TASK PROMPT = Please quote exactly the lines below from the line containing "(Leserbrief) Seite 32/33" to the line containing "キッチンの奥は水廻りスペース", both lines included, and nothing else.

RECORDS PROVIDED =
Segment Open
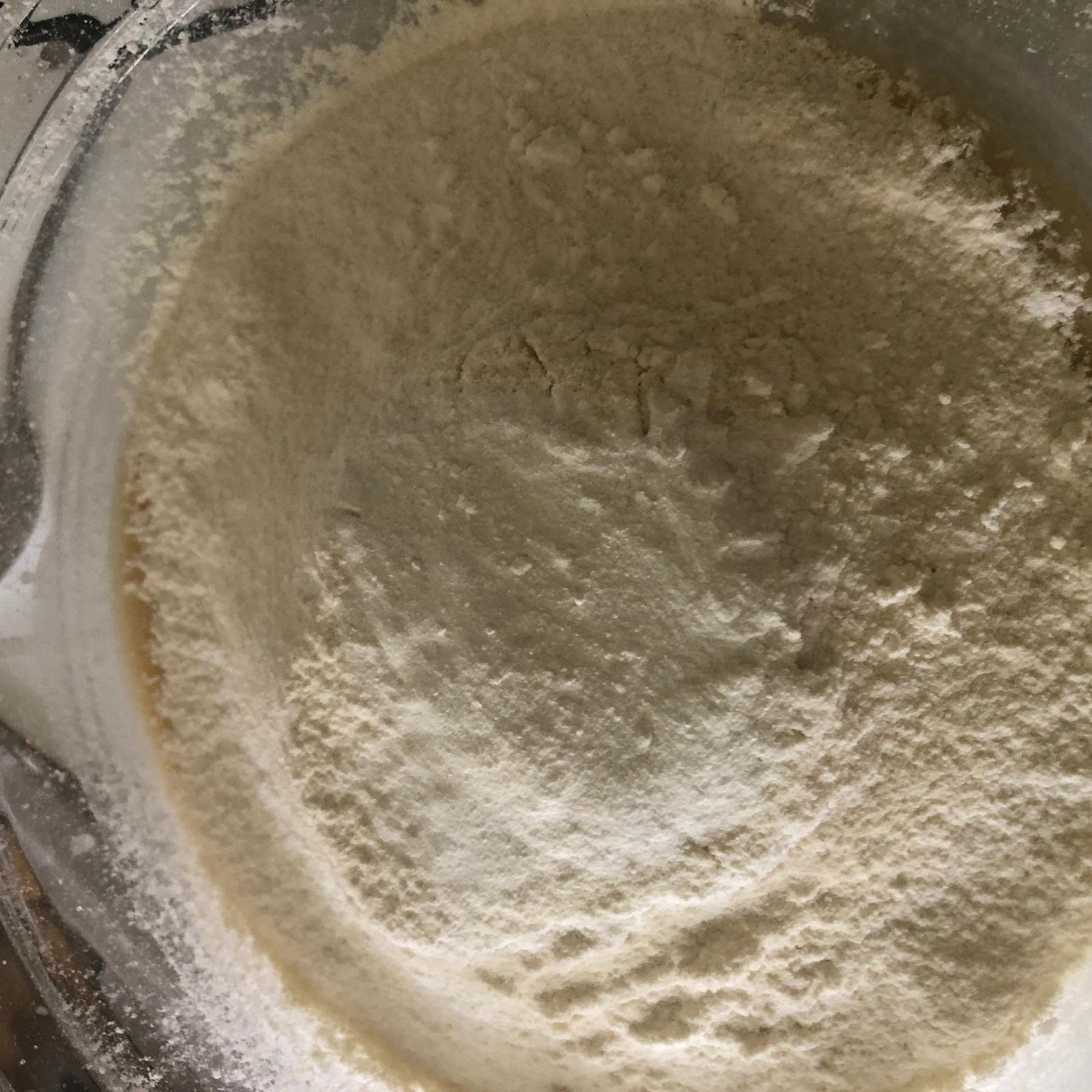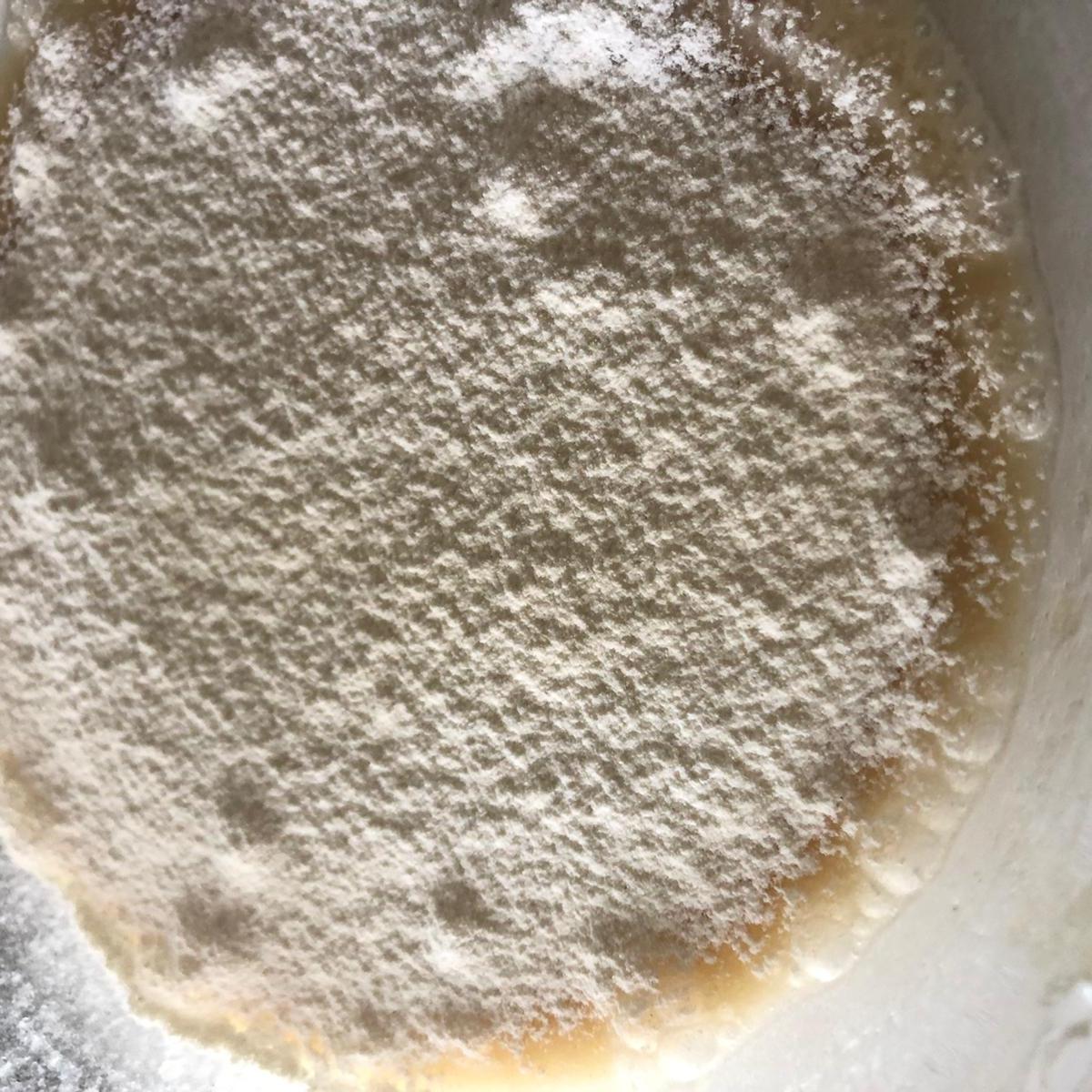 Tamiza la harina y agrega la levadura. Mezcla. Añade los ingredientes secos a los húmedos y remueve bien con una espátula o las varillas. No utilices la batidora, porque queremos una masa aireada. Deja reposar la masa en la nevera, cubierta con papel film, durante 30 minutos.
Segment Closed
Segment Open
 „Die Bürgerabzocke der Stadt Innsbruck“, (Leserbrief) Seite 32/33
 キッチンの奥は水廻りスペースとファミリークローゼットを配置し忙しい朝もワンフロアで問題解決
Segment Closed
ANSWER TO THE EXERCISE =
 „Die Bürgerabzocke der Stadt Innsbruck“, (Leserbrief) Seite 32/33
 キッチンの奥は水廻りスペースとファミリークローゼットを配置し忙しい朝もワンフロアで問題解決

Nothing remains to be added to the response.